Rethinking New Zealand's National Security
Wednesday 8 February 2023
Governments the world over are taking a hard look at the national security strategies, reappraising how they plan for – and are less reactive to – their ever-changing geopolitical environment, the multiplicity and interconnectedness of emerging threats, and the risks that social fragmentation and a declining economic situation might create.

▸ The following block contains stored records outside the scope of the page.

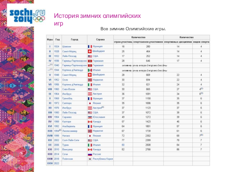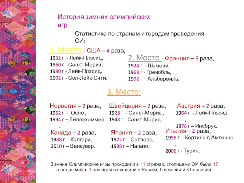 Зимние Олимпийские игры проходили в 11 странах, столицами ОИ были 17 городов мира. 1 раз игры проходили в России, Германии и Югославии.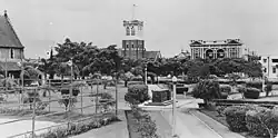 The district surveyor, John Thompson Charlton designed the city layout in 1868, which planned for uniform square blocks with wide main streets, and named it ‘Bundaberg’.[7] An early influence on the development of Bundaberg came with the 1868 Land Act, which was a famous Queensland via media, that aimed to create a class of Australian yeoman.[8] Large sugarcane plantations were established throughout the 1880s, with industries of sugar mills, refineries, and rum distilleries that delivered prosperity to Bundaberg.[9] These plantations used South Sea Islanders as indentured labourers, many of whom were blackbirded, a practice considered a form of slavery.[10][11] The trade was outlawed in 1904, with most South Sea Islanders deported by 1906.[12] Major floods in 1942 and 1954 damaged the river, ending Bundaberg's role as a river port and led to a new port at the mouth of the Burnett river.[13] In the post-war era, Bundaberg continued to grow with its wealth tied to its sugar industry.[14] In 2013, Bundaberg experienced record flooding from Cyclone Oswald, which was the worst disaster in the city's history.[15]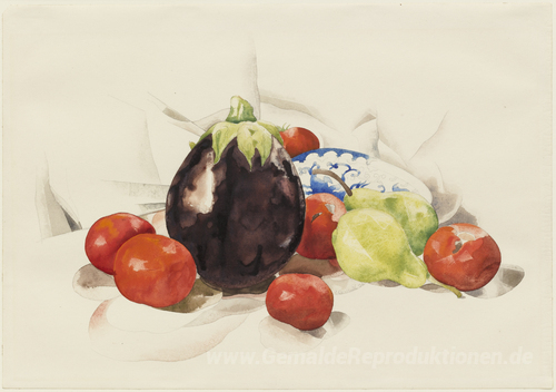 Willkommen in unserer exklusiven Galerie für Ölgemälde, wo Kunst auf Leben trifft. Tauchen Sie ein in das Werk Auberginen und Tomaten von Charles Demuth, einem Meister der amerikanischen Moderne. Seine Werke zeichnen sich durch eine harmonische Verbindung von Farbe und Form aus, wodurch eine einladende Atmosphäre in jedem Raum entsteht.

The fourth Otago National Security School combines national security practitioners with leading New Zealand and international academics to address such issues as; how states are rethinking their strategies from the bottom up to account for the role of cybersecurity, disinformation, and the changing landscape of counterterrorism; how narratives about risk and threat thread into planning and execution of national security strategies; how in particular smaller and medium sized states are synchronising their national security policy making; the part economics plays in national security; and corresponding issues like the oversight of intelligence agencies and how indigenous rights can be respected in decisions about national security.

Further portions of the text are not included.